Strategic focus and clinical program overview

• Advancing a portfolio of small molecules targeting the DNA damage response pathway, with a lead focus on the next-generation WEE1 inhibitor, APR-1051, and additional programs including ATR and p53 reactivators.

• Emphasizing precision oncology by matching drugs to specific biomarkers, aiming for safer, more effective alternatives to traditional chemotherapy.

• Current clinical focus is on APR-1051, with dose escalation ongoing and patient selection based on specific mutations such as PPP2R1A, FBXW7, and HPV.
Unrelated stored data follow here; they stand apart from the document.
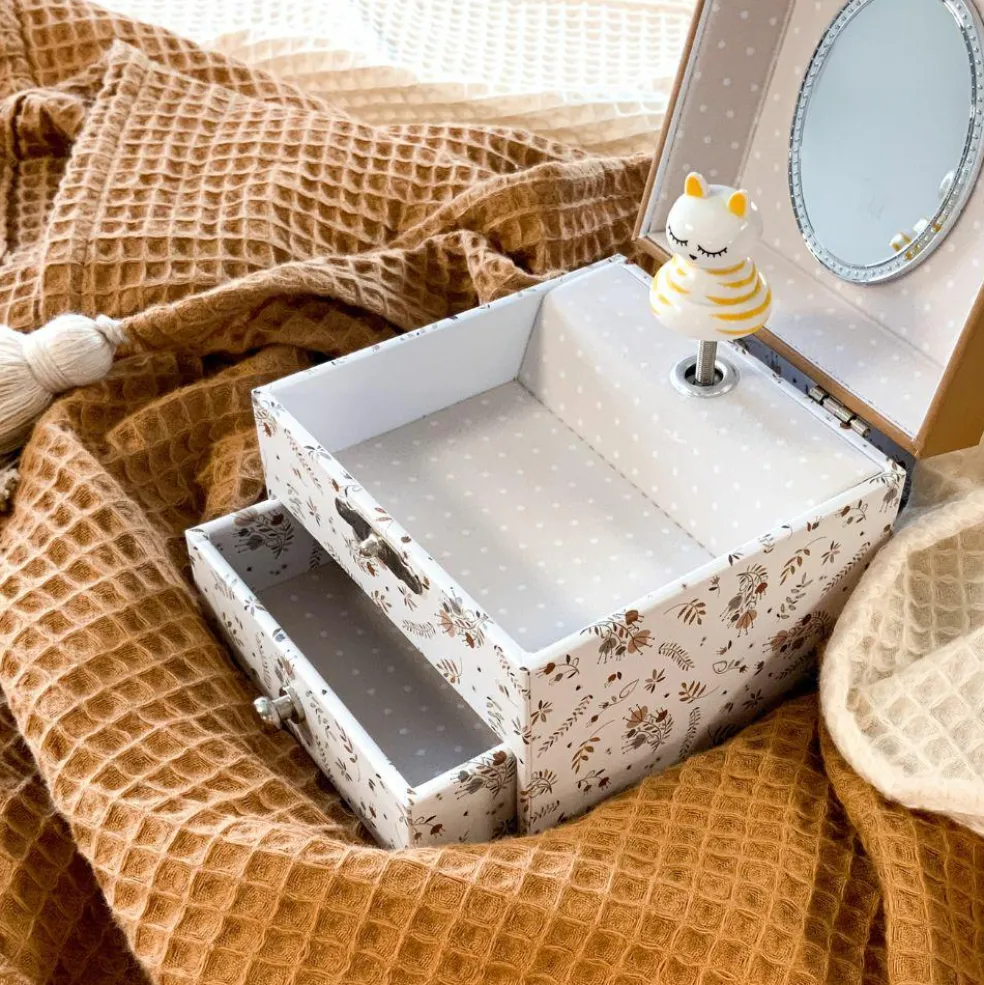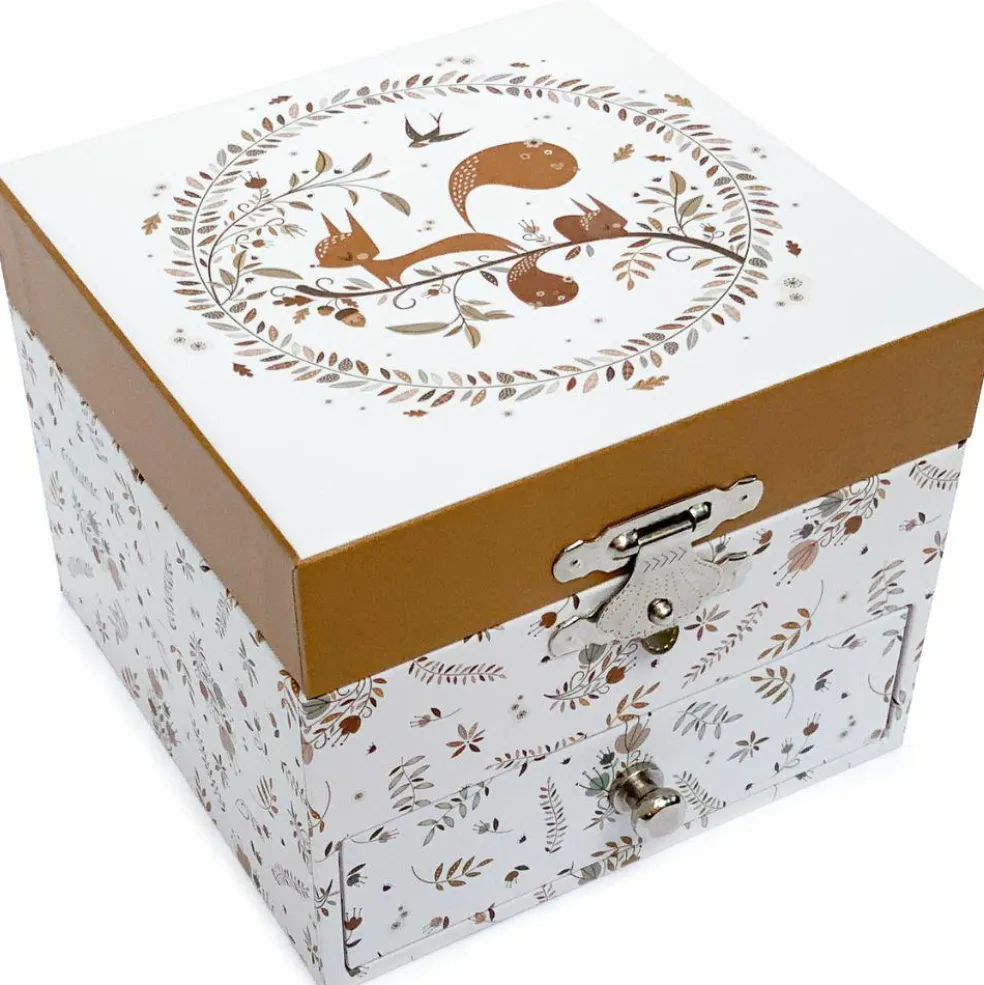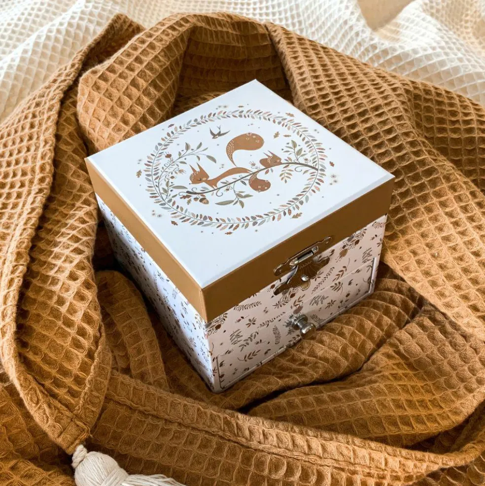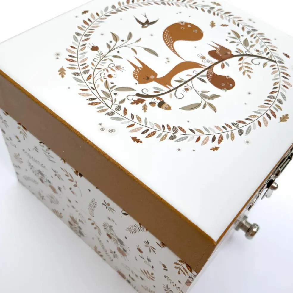 La boîte à musique cube écureuil dans la prairie Lutin Petit Pois de la marque Trousselier permet aux enfants de ranger leurs trésors tout en apportant une jolie touche déco à leur chambre. En actionnant la manivelle, la figurine s’anime comme par magie au son de la musique !
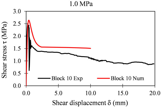 Shear stress evolution with displacement Exp–Num (Block 10).
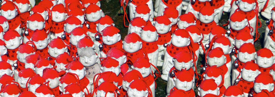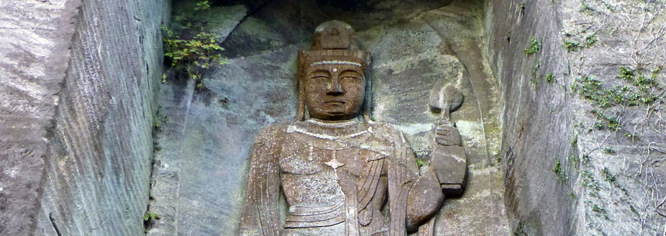 The mountain’s Nihonji Daibatsu (Great Buddha) holds a bowl with his left hand and his right hand palm upward, a common pose of a Medicine Buddha. Viewing the Medicine Buddha is said to be beneficial to health. At 31.05 meters (101.9’) it is one of the largest stone images of Buddha in Japan. It was completed in 1783 and restored in 1969. The mountain’s 1500 Rakan (disciples of Buddha) were created during the same period.
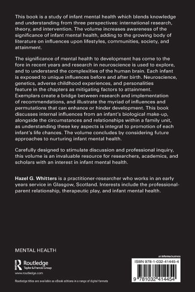 The significance of mental health to development has come to the fore in recent years and research in neuroscience is used to explore, and to understand the complexities of the human brain. Each infant is exposed to unique influences before and after birth. Neuroscience, genetics, adverse childhood experiences, and personalities feature in the chapters as mitigating factors to attainment. Exemplars create a bridge between research and implementation of recommendations, and illustrate the myriad of influences and permutations that can enhance or hinder development. This book discusses internal influences from an infant's biological make-up, alongside the circumstances and relationships within a family unit, as understanding these key aspects is integral to promotion of each infant's life chances. The volume concludes by considering future approaches to nurturing infant mental health.
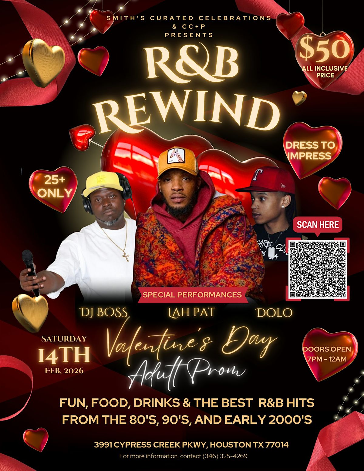 Join us for the ulimate Valentine's Day experience in Houston. We're taking it back to the golden era of R&B with live performance by Lah Pat. Whether you're coming with your "Flyest Couple" or rolling with the "Baddest Singles," this is the vibe you've been looking for. Your $85 All-Inclusive Ticket Features:👩🏽❤️💋👨🏾🕴🏾
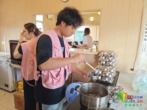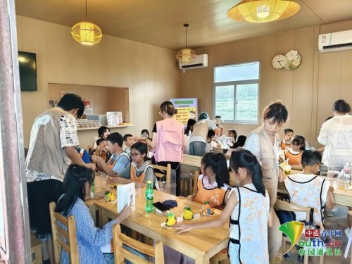 图为志愿者们正在后厨为孩子们准备午餐。林竞男 供图图为志愿者正在指导帮助孩子们做凤梨盆栽。林竞男 供图
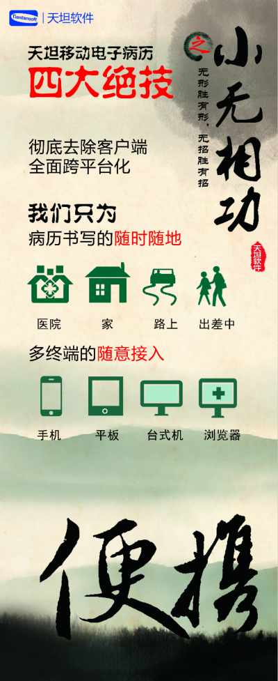 在全球范圍,向移動互聯(lián)網(wǎng)推進(jìn)的浪潮已經(jīng)勢不可擋, 醫(yī)療行業(yè)如其他行業(yè)一樣,要想更好地發(fā)展,必須融入這個浪潮。天坦軟件通過多年的努力,打造出“天坦移動電子病歷”,加強(qiáng)了醫(yī)院管理效率和力度,避免醫(yī)療差錯和事故,改善醫(yī)患關(guān)系,減少醫(yī)患矛盾,提高醫(yī)護(hù)人員的工作效率,提高醫(yī)療服務(wù)響應(yīng)能力,隨時(shí)隨地為患者服務(wù)。
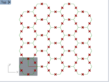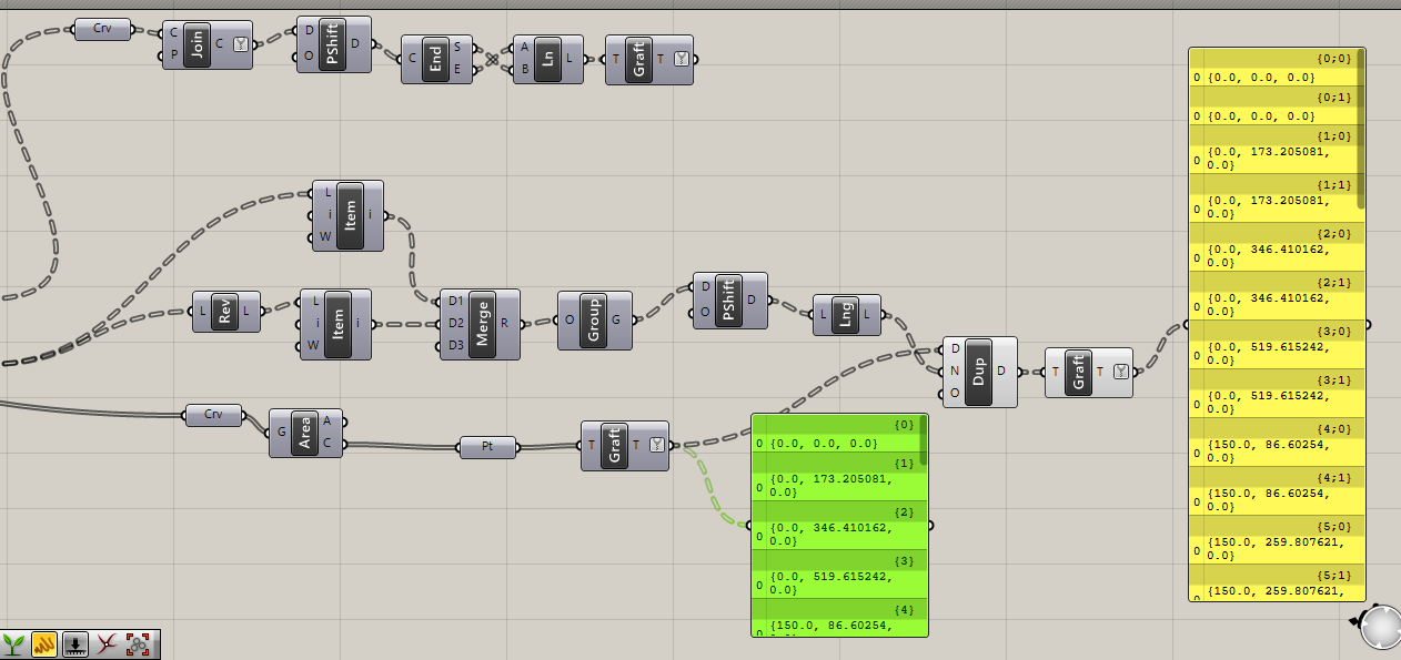 6角形の中心点をstep2-2のジオメトリのデータ構造に合わせて取り出す際に、DuplicateDataしているので、点が二倍になっています。果たしてこれは正しいのか、現時点では判断がつきかねますが、先に進めます。
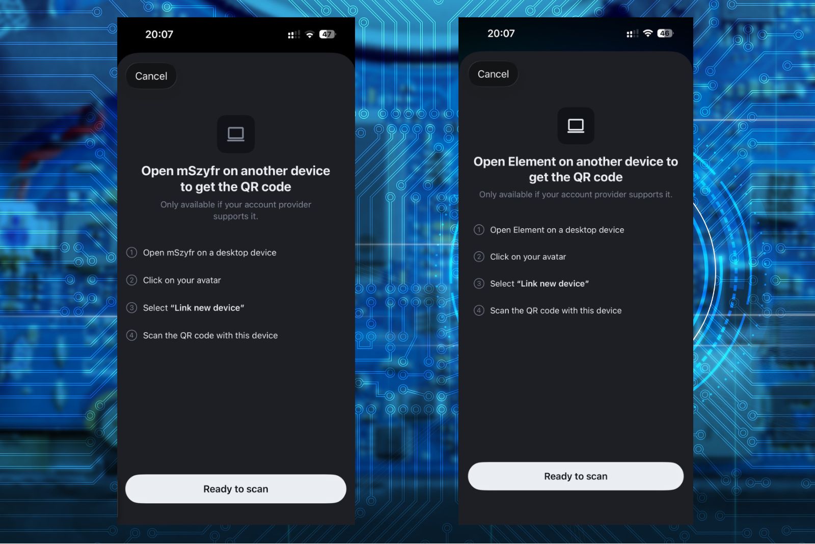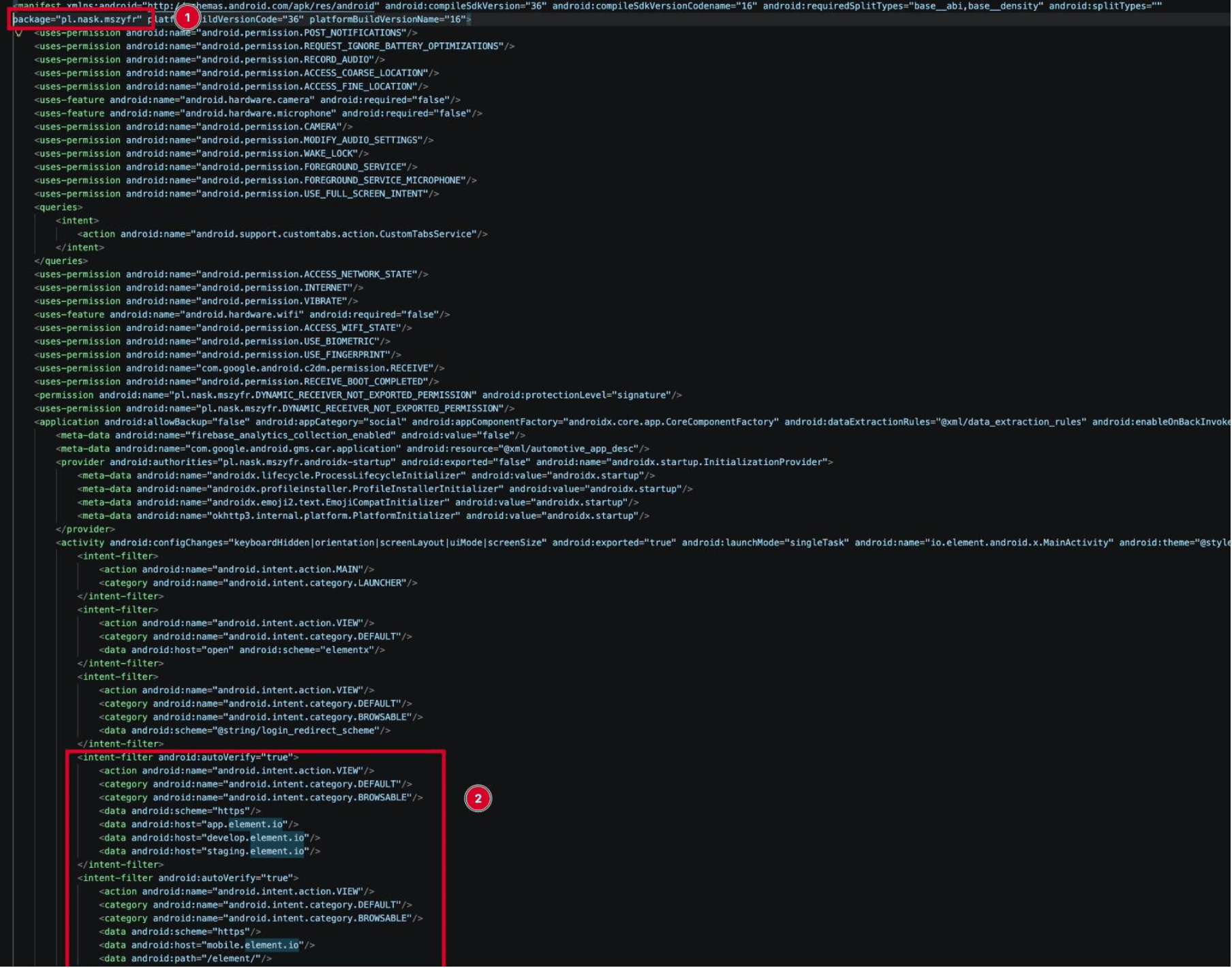 Już pobieżna analiza pakietu wykazała, że androidowy klient mSzyfr – choć nie jest kopią programu Element X – ma z nim wiele wspólnych cech. Współdzieli nie tylko wygląd i część plików. W kodzie mSzyfru można znaleźć bezpośrednie odwołania do domeny element.io. Nazwa element.io pojawia się też na jednym ze zrzutów ekranu zamieszczonym w instrukcji instalacji.
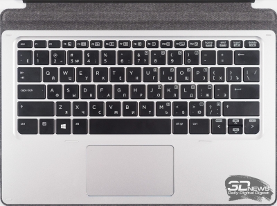 Для трансформера HP Elite X2 1012 G1 основным способом ввода является экранная клавиатура. Но поскольку устройство является далеко не самым компактным и лёгким, а довольно производительная начинка позволяет выполнять широкий спектр задач, производитель позаботился о возможности подключения клавиатурного блока с сенсорной панелью.

Clinical data and efficacy insights

• Early clinical data show partial responses and stable disease in heavily pre-treated patients, with notable tumor and biomarker reductions at 150 mg and 220 mg doses.

• Two patients with PPP2R1A mutations demonstrated significant responses, prompting plans to enrich for this biomarker in future cohorts.

• The drug is administered daily, differentiating it from competitors using intermittent dosing schedules.

• Minimal drug-related adverse effects observed, with no significant hematologic or gastrointestinal toxicity to date.

Safety, tolerability, and competitive landscape

• APR-1051 has shown a favorable safety profile, with most adverse events limited to mild nausea and fatigue.

• Competitor programs have struggled with narrow therapeutic windows and toxicity, while APR-1051 demonstrates a potentially wider therapeutic index.

• Avoidance of PLK co-inhibition is a key differentiator, reducing off-target toxicity and maintaining efficacy.